Entrevista:O Estado inteligente

sexta-feira, janeiro 06, 2012

Não é bem assim Luís Eduardo Assis



O Estado de S. Paulo - 06/01/2012
 

O Brasil fechou o ano com reservas internacionais na casa de US$ 320 bilhões. "Nunca na história deste país" as reservas foram tão altas. Isso também é verdade para várias outras economias, já que o mundo foi inundado pela liquidez injetada pelos bancos centrais dos países em crise, mas este dado acaba por corroborar a impressão de que vivemos numa economia pujante, agora a sexta do mundo.
É frequente a comparação das reservas brasileiras ao dinheiro que as famílias separam, ou "reservam", para enfrentar imprevistos. Nesta imagem, esses recursos representariam uma poupança, um valor economizado. Não é verdade. Claro que é uma boa notícia as reservas estarem crescendo de forma exuberante. No final de 2005, não faz muito tempo, as reservas brasileiras estavam em US$ 53,8 bilhões.
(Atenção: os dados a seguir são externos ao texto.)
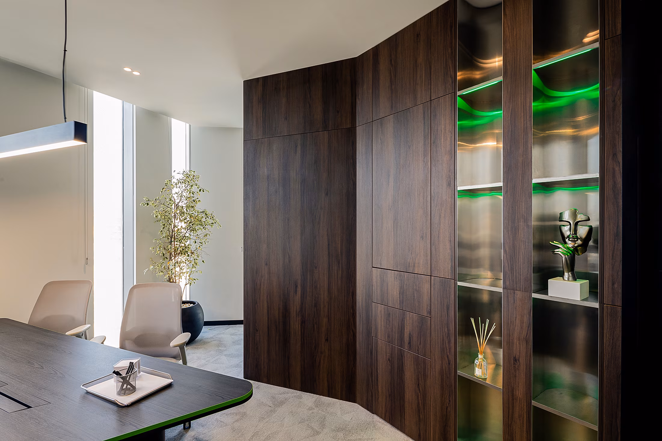 Every detail is thoughtfully curated to ensure comfort, efficiency, and a cohesive visual identity of the space.

Desde então, elas cresceram nada menos que 554%. Mais: desde o começo de 2009, e de forma crescente, as reservas superam a dívida externa total brasileira, para júbilo e gáudio dos mais patriotas. De devedor quebrado nos anos 80 a credor líquido do mundo agora, prestes a "emprestar" dinheiro ao Fundo Monetário Internacional (FMI) - nada mal. Tudo resolvido? Não exatamente.
É bom ter reservas. A história dos anos 80 teria sido muito diferente não fosse o nível pífio das reservas internacionais. Também o êxito do Plano Real deve muito ao fato de que as reservas quadruplicaram entre 1991 e 1994. Mas não só essas reservas têm um alto custo (já que o Banco Central, BC, neutraliza os reais emitidos através da colocação de dívida cara) como elas geram, em grande parte, uma contrapartida em reais que pode ser reconvertida em moeda estrangeira se a percepção dos investidores se alterar. Isso porque o BC assume, para um grande número de operações, um passivo - uma dívida - em moeda estrangeira. Ingressos de recursos para a bolsa de valores, por exemplo, aumentam as reservas. Mas elas podem ser reduzidas a qualquer momento, se os estrangeiros resolverem se livrar das ações. O mesmo ocorre com empréstimos que podem deixar de ser rolados e mesmo, em medida impossível de ser aferida com exatidão, com os investimentos estrangeiros, já que parte significativa dessa rubrica se refere também a empréstimos de empresas multinacionais que arbitram taxas de juros.
Ou seja, ao contrário do que ocorre com uma "reserva" de recursos no seu sentido usual, as reservas internacionais do Brasil têm como contraface exigíveis que dependem dos humores do mercado e da avaliação que os investidores internacionais fazem da economia brasileira. Boa parte das reservas brasileiras não é, por assim dizer, dos brasileiros. O conceito mais abrangente que mede a obrigação do Brasil com o exterior é o passivo externo bruto (PEB). O PEB adiciona à divida externa os investimentos diretos, os investimentos na bolsa e as aplicações em renda fixa feitas por domiciliados no exterior. De acordo com o Banco Central, o passivo externo alcançou no ano passado US$ 1,43 trilhão, cerca de 62% do PIB e quatro vezes mais que o total de reservas internacionais. Desde 2005, esse passivo praticamente triplicou, no rastro do crescente déficit em transações correntes. Nunca antes neste país o passivo externo foi tão alto.
A conclusão é simples. Não é o volume de reservas, mas o grau de confiança da comunidade financeira internacional que determina a resiliência da economia brasileira às turbulências. Essa credibilidade, por sua vez, depende da percepção pelos investidores estrangeiros da consistência intertemporal da política econômica, vale dizer, do equilíbrio entre medidas estruturais que desobstruam os gargalos que impedem o aumento contínuo do produto e da renda e iniciativas que apenas tiram proveito da conjuntura favorável de curto prazo. Um alto volume de reservas, apenas, não garante nada. O jogo não está ganho. O jogo nem começou.